Monday, February 8, 2016

Preludes and Nocturnes

I'm not big on New Year's resolutions, but when I do set one I like to keep the bar nice and low. This year's resolution is to re-read the original run of the Sandman comics. I'm pretty sure I never read every single issue as they came out in the 90s, and I'm also fairly sure that I didn't read it in a strict order at the time.

The Sandman was the first comic series that I at least read semi-religiously; prior to that, I read a comic here and a comic there, but was never really devoted to picking up every issue as they came out. Will Sandman hold up to my amber-colored memories of being engrossed in it? Let's find out.

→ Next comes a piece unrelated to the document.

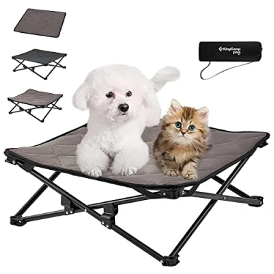 SMALL SIZE -- This small dog bed measures 57 × 57 × 23 cm (L × W × H) / 22.4 × 22.4 × 9.1 inches, making it ideal for small to medium-sized dogs or cats weighing up to 45 kg (99 lbs). The KingCamp elevated dog bed keeps your pets clean and cool by lifting them off wet, muddy ground and away from insects. It also helps relieve joint pressure and pain, providing orthopedic support for pets with arthritis or hip dysplasia NO ASSEMBLY, READY IN SECONDS -- Designed with a quick-open frame, this dog camping bed requires zero setup—just unfold and it’s ready to use! After use, simply fold it into 62 x 15 x 14 cm (24.4 x 5.9 x 5.5 inches) and can be stored in carry bag for easy storage and portability. Note: Unlike other beds where only the cover area is usable, the entire size of our bed provides a fully usable resting space for your dog BREATHABLE & LONG-LASTING COMFORT -- Crafted from premium Textilene mesh, this elevated dog bed is tear-resistant, heat-resistant, and ultra-breathable—tough enough to handle playful scratching while keeping your pet cool. The ventilated design promotes airflow, reduces bacteria growth, and prevents pressure sores. When the dog bed gets dirty, just wipe or rinse, and it dries in minutes MULTI-USE DESIGN WITH SUEDE MAT -- Designed for year-round comfort, this dog bed includes a removable suede cotton mat that’s soft, warm, and easy to clean (hand wash recommended). The suede surface absorbs moisture and sweat, while the Oxford bottom bed keeps out dampness and promotes airflow, keeping your pet comfortable in any weather. Use it together for extra warmth, or separately as a lightweight cooling bed or padded mat—ideal for home, garden, camping, or travel EXTRA STABLE & BUILT TO LAST -- Unlike many raised dog beds with only separate stands, the KingCamp dog bed features a cross-frame design with a load-bearing kit for enhanced stability. Inspired by human camping beds, this outdoor dog bed built with powder-coated steel tubes that distribute weight evenly and resist bending. Non-slip foot covers add extra stability and help protect your floors from scratches. Perfect for indoor and outdoor use, at home or on the go!

Aesthetically, I love the way the early sequences in which Morpheus is held captive by Roderick and Alex Burgess adopt the style and look of DC's horror comics from the 70s, and then effectively segues into Morpheus encountering Cain, Abel, Destiny, and the hosts of The Witching Hour

That those cameos are inserted in such an interesting and clever way rubs uncomfortably against the avalanche of cameos that follow. Some of these cameos work well (Doctor Destiny is especially well-appropriated as a villain--his occupation of the diner is easily one of the darker turns in the Sandman series) but others (John Constantine, Etrigan, fucking Martian Manhunter) feels a bit too much like fanservice and inclusions that exist just to let you know that you're in the DC Universe. My memory tells me that as the series progresses it becomes a bit more deft at reinventing DC characters and mixing them with characters of its own inventions, but we'll have to see how that plays out.

One thing I hadn't counted on before starting this re-read was how heavily the specter of AIDS/HIV would loom in the background of the narrative. It's easy to forget it now, but at the time Sandman was coming out the disease was a predominant, era-defining anxiety. I'd hazard to guess that the Death Talks About Life mini-comic taught a lot of people about AIDS awareness and how to put on a condom because that specter was always in the shadows.

Speaking of Death, Preludes & Nocturnes concludes with "The Sound of Her Wings," which was the first bit of Sandman I got hold of. In retrospect, it's a weird place to start: it's a bridge between the just-concluded arc of Morpheus regaining his tools and the next arc about Morpheus chasing down errant dreams. Still, reading it again makes it clear why it inspired me to go back and read what I had missed; "The Sound of Her Wings" was like a revelation that comics could be so much more than how we usually imagine them within the strata of pop culture.